Exercise goal :: The material below holds pictures; leave them out and reproduce exactly the lines from the one with "Esta capas de" through the one with "Ivory & Pink", inclusive.

Records provided ::
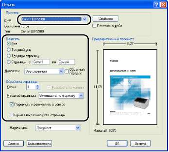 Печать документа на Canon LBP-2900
---
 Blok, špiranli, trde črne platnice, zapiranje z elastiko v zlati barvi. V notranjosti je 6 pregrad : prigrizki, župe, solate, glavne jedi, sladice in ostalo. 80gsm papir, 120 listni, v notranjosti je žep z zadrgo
--
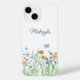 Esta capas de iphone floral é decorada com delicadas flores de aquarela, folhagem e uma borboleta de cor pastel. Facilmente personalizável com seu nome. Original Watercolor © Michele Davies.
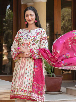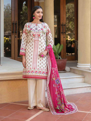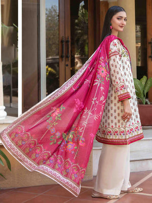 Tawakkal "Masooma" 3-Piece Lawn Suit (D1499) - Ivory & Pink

Written solution ::
 Esta capas de iphone floral é decorada com delicadas flores de aquarela, folhagem e uma borboleta de cor pastel. Facilmente personalizável com seu nome. Original Watercolor © Michele Davies.
 Tawakkal "Masooma" 3-Piece Lawn Suit (D1499) - Ivory & Pink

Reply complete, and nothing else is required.